_Exercise instructions_
Your reply must hold the lines from the one containing "シックなカラーとスマートなデザインが魅力的なスーツの上下セット。" to the end of the entries, copied exactly, with pictures excluded.
========================
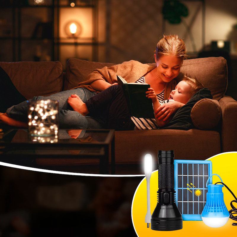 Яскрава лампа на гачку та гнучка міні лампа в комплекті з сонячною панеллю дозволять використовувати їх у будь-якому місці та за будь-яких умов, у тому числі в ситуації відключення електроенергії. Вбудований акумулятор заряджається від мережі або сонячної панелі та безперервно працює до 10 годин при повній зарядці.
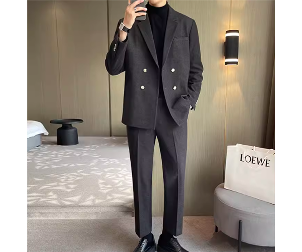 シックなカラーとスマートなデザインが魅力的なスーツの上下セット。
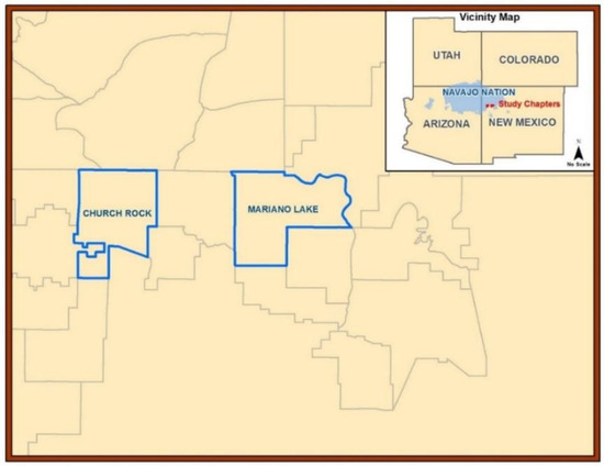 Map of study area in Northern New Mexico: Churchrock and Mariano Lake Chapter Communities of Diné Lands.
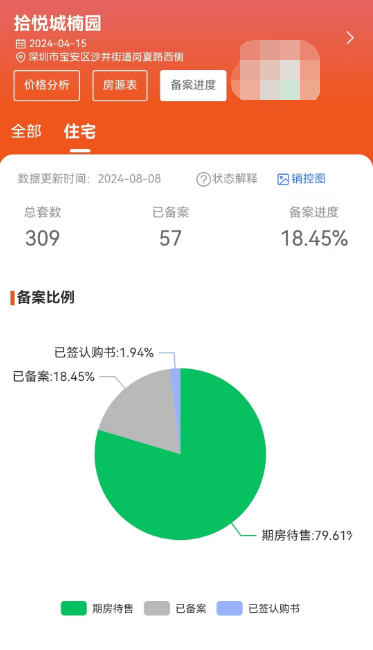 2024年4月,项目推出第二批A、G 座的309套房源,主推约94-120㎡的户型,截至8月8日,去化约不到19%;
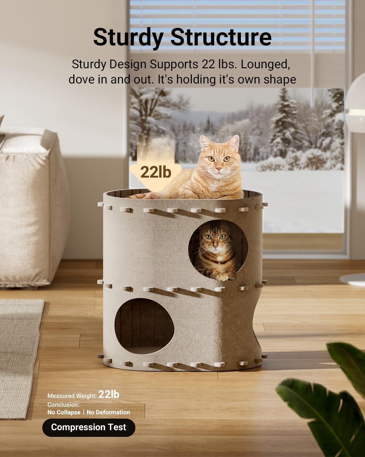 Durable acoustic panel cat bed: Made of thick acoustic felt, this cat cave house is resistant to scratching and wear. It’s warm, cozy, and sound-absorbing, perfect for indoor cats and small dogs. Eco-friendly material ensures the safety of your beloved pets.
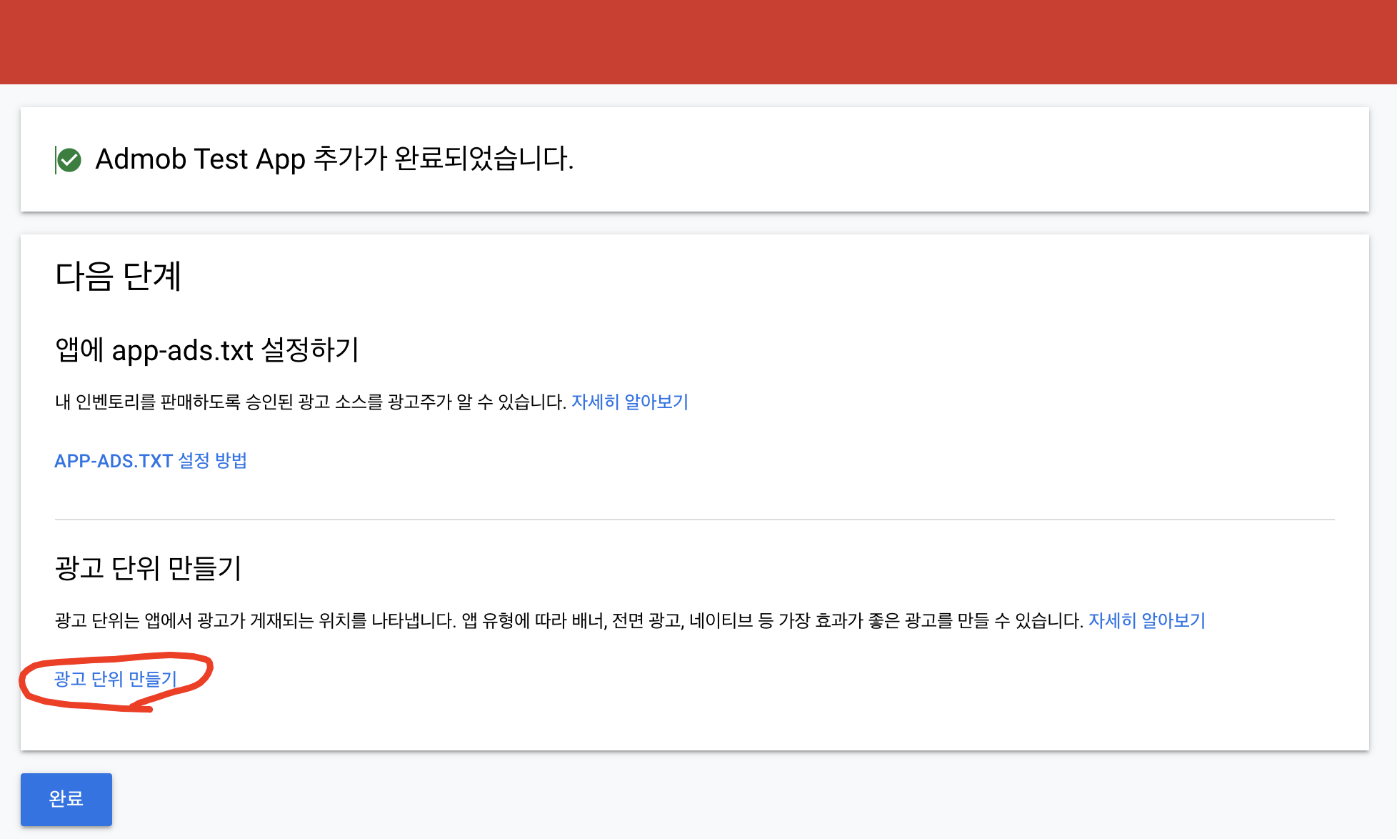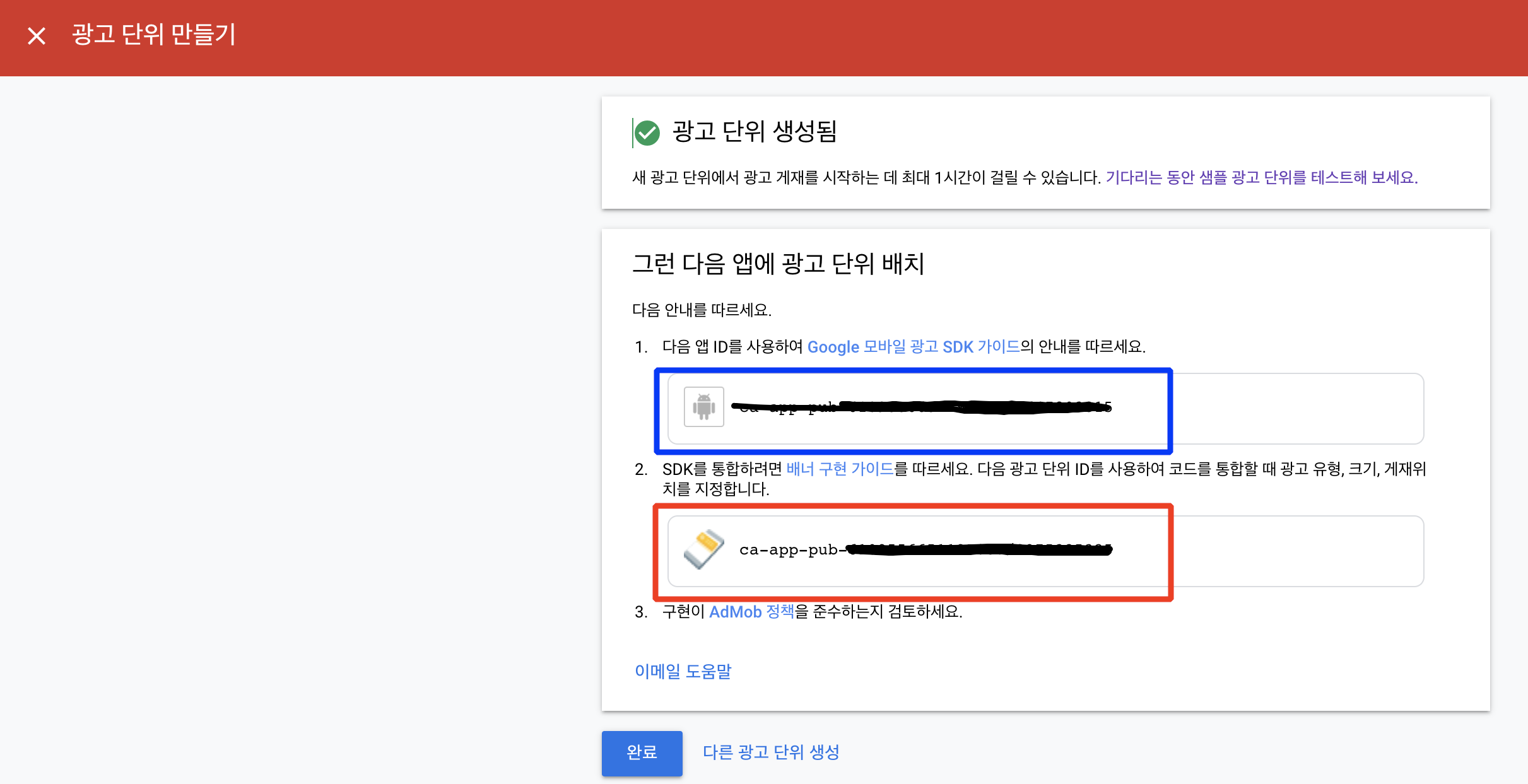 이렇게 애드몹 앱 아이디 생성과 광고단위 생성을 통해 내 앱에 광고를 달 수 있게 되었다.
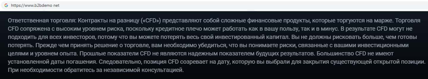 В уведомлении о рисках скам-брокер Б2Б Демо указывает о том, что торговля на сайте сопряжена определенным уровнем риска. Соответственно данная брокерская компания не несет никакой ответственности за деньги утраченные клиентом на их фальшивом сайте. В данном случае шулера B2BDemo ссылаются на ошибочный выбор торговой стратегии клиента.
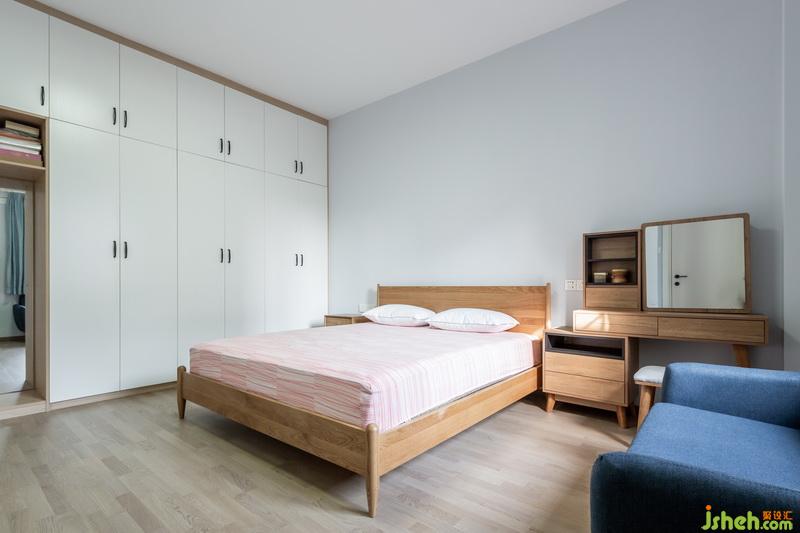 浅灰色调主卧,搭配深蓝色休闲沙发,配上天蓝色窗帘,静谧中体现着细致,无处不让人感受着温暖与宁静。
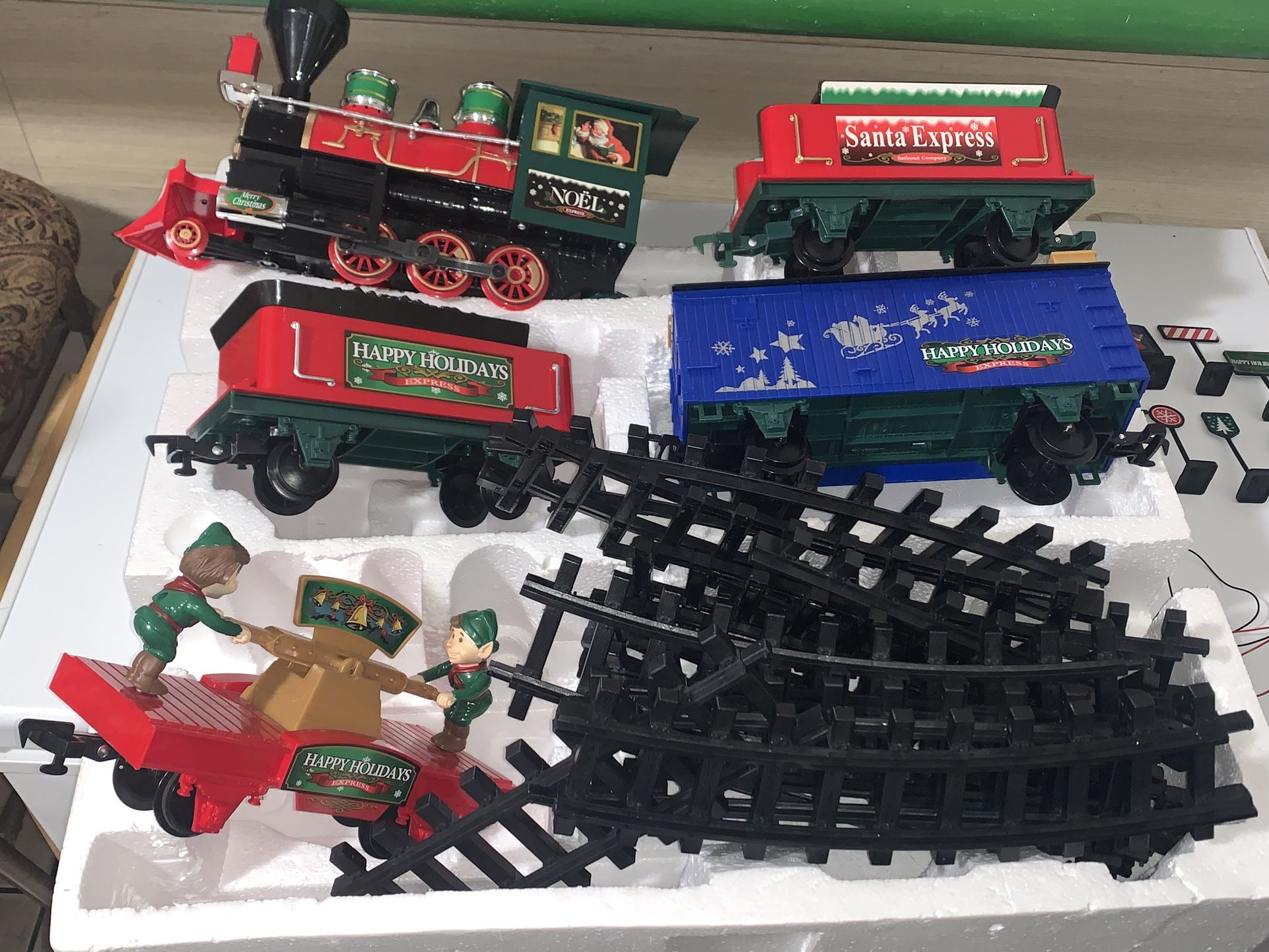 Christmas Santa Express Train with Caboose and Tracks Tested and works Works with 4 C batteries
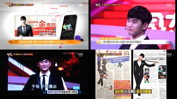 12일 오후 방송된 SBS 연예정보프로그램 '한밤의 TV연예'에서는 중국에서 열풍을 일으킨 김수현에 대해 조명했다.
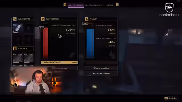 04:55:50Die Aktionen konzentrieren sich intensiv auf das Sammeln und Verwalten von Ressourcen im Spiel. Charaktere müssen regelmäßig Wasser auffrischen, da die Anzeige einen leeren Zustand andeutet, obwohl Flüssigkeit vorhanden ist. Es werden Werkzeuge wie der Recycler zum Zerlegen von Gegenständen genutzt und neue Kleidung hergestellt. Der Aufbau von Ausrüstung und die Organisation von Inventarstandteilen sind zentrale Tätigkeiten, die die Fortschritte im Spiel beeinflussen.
========================
_Answer space_
 シックなカラーとスマートなデザインが魅力的なスーツの上下セット。
 Map of study area in Northern New Mexico: Churchrock and Mariano Lake Chapter Communities of Diné Lands.
 2024年4月,项目推出第二批A、G 座的309套房源,主推约94-120㎡的户型,截至8月8日,去化约不到19%;
 Durable acoustic panel cat bed: Made of thick acoustic felt, this cat cave house is resistant to scratching and wear. It’s warm, cozy, and sound-absorbing, perfect for indoor cats and small dogs. Eco-friendly material ensures the safety of your beloved pets.
 이렇게 애드몹 앱 아이디 생성과 광고단위 생성을 통해 내 앱에 광고를 달 수 있게 되었다.
 В уведомлении о рисках скам-брокер Б2Б Демо указывает о том, что торговля на сайте сопряжена определенным уровнем риска. Соответственно данная брокерская компания не несет никакой ответственности за деньги утраченные клиентом на их фальшивом сайте. В данном случае шулера B2BDemo ссылаются на ошибочный выбор торговой стратегии клиента.
 浅灰色调主卧,搭配深蓝色休闲沙发,配上天蓝色窗帘,静谧中体现着细致,无处不让人感受着温暖与宁静。
 Christmas Santa Express Train with Caboose and Tracks Tested and works Works with 4 C batteries
 12일 오후 방송된 SBS 연예정보프로그램 '한밤의 TV연예'에서는 중국에서 열풍을 일으킨 김수현에 대해 조명했다.
 04:55:50Die Aktionen konzentrieren sich intensiv auf das Sammeln und Verwalten von Ressourcen im Spiel. Charaktere müssen regelmäßig Wasser auffrischen, da die Anzeige einen leeren Zustand andeutet, obwohl Flüssigkeit vorhanden ist. Es werden Werkzeuge wie der Recycler zum Zerlegen von Gegenständen genutzt und neue Kleidung hergestellt. Der Aufbau von Ausrüstung und die Organisation von Inventarstandteilen sind zentrale Tätigkeiten, die die Fortschritte im Spiel beeinflussen.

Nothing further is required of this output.